**Exercise instructions**
Could you repeat the entries below exactly, but only from the line with "Rowley’s first food" through the line with "生活面を象徴する運勢です。外", and without any picture?

Source records

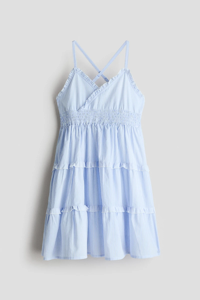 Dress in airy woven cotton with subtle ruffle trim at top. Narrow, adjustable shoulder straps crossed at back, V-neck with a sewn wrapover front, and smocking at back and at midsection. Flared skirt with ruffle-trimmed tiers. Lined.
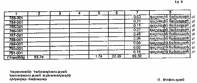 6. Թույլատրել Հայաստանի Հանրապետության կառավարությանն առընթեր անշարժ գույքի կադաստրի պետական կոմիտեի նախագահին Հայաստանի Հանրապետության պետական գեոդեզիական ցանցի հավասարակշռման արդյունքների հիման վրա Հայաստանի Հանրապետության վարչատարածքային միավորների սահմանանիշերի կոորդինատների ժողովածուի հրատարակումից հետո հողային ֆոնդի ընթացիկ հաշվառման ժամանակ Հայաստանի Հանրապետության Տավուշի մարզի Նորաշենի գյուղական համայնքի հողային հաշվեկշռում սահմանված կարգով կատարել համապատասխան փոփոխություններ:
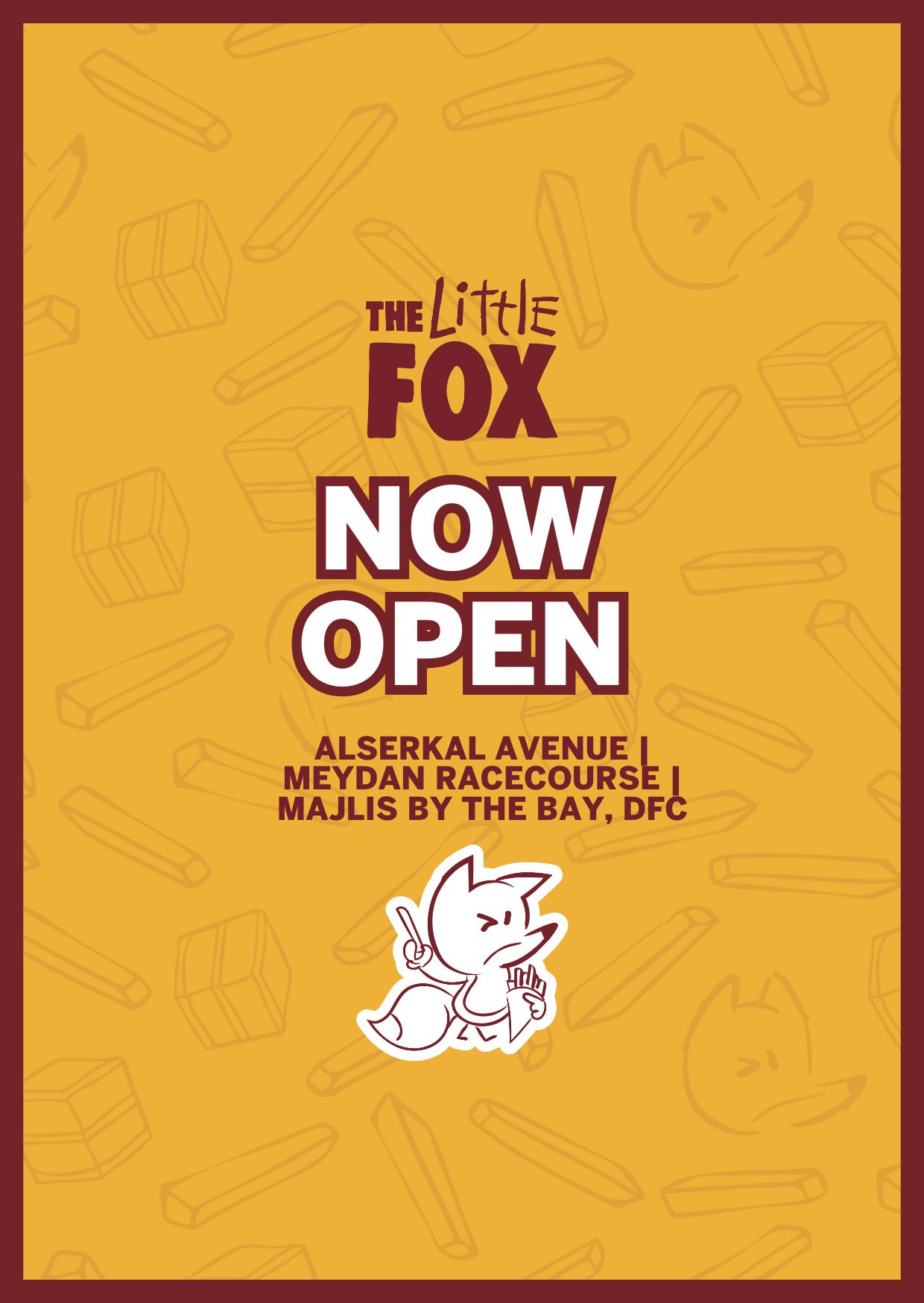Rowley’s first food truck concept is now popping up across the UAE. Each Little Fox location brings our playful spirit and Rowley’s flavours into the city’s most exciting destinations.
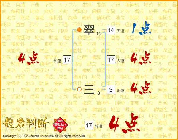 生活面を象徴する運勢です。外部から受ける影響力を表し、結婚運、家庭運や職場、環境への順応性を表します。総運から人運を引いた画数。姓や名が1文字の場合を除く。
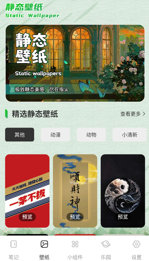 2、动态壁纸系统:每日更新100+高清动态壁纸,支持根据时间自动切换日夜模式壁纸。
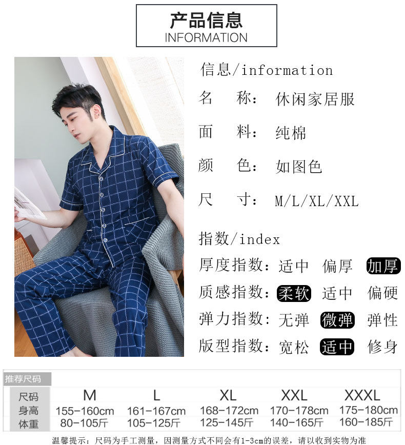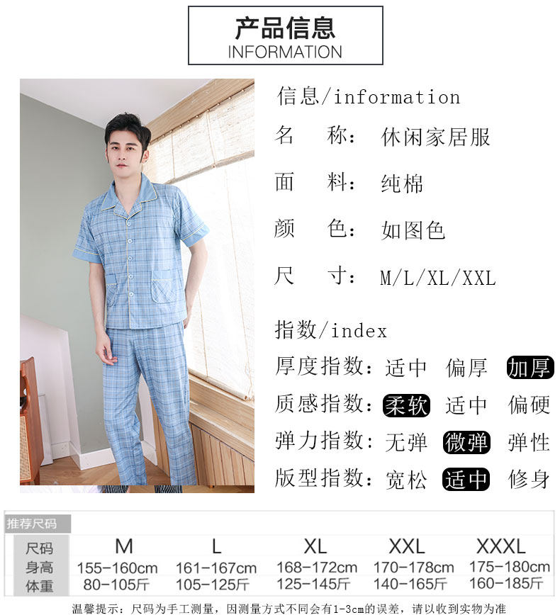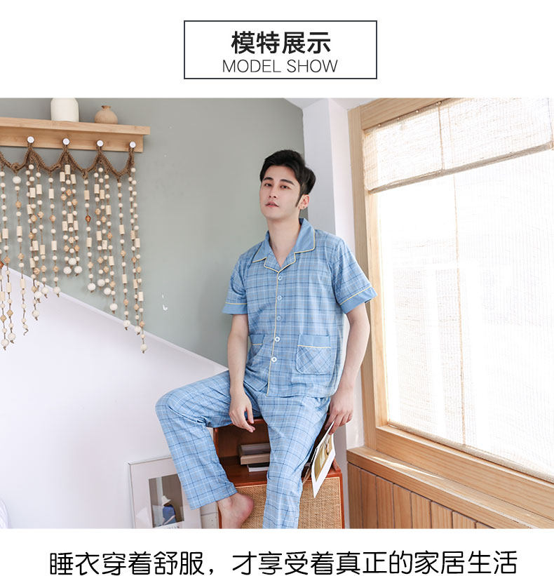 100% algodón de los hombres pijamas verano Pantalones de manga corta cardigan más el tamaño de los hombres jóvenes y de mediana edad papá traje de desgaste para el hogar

**Written solution**
Rowley’s first food truck concept is now popping up across the UAE. Each Little Fox location brings our playful spirit and Rowley’s flavours into the city’s most exciting destinations.
 生活面を象徴する運勢です。外部から受ける影響力を表し、結婚運、家庭運や職場、環境への順応性を表します。総運から人運を引いた画数。姓や名が1文字の場合を除く。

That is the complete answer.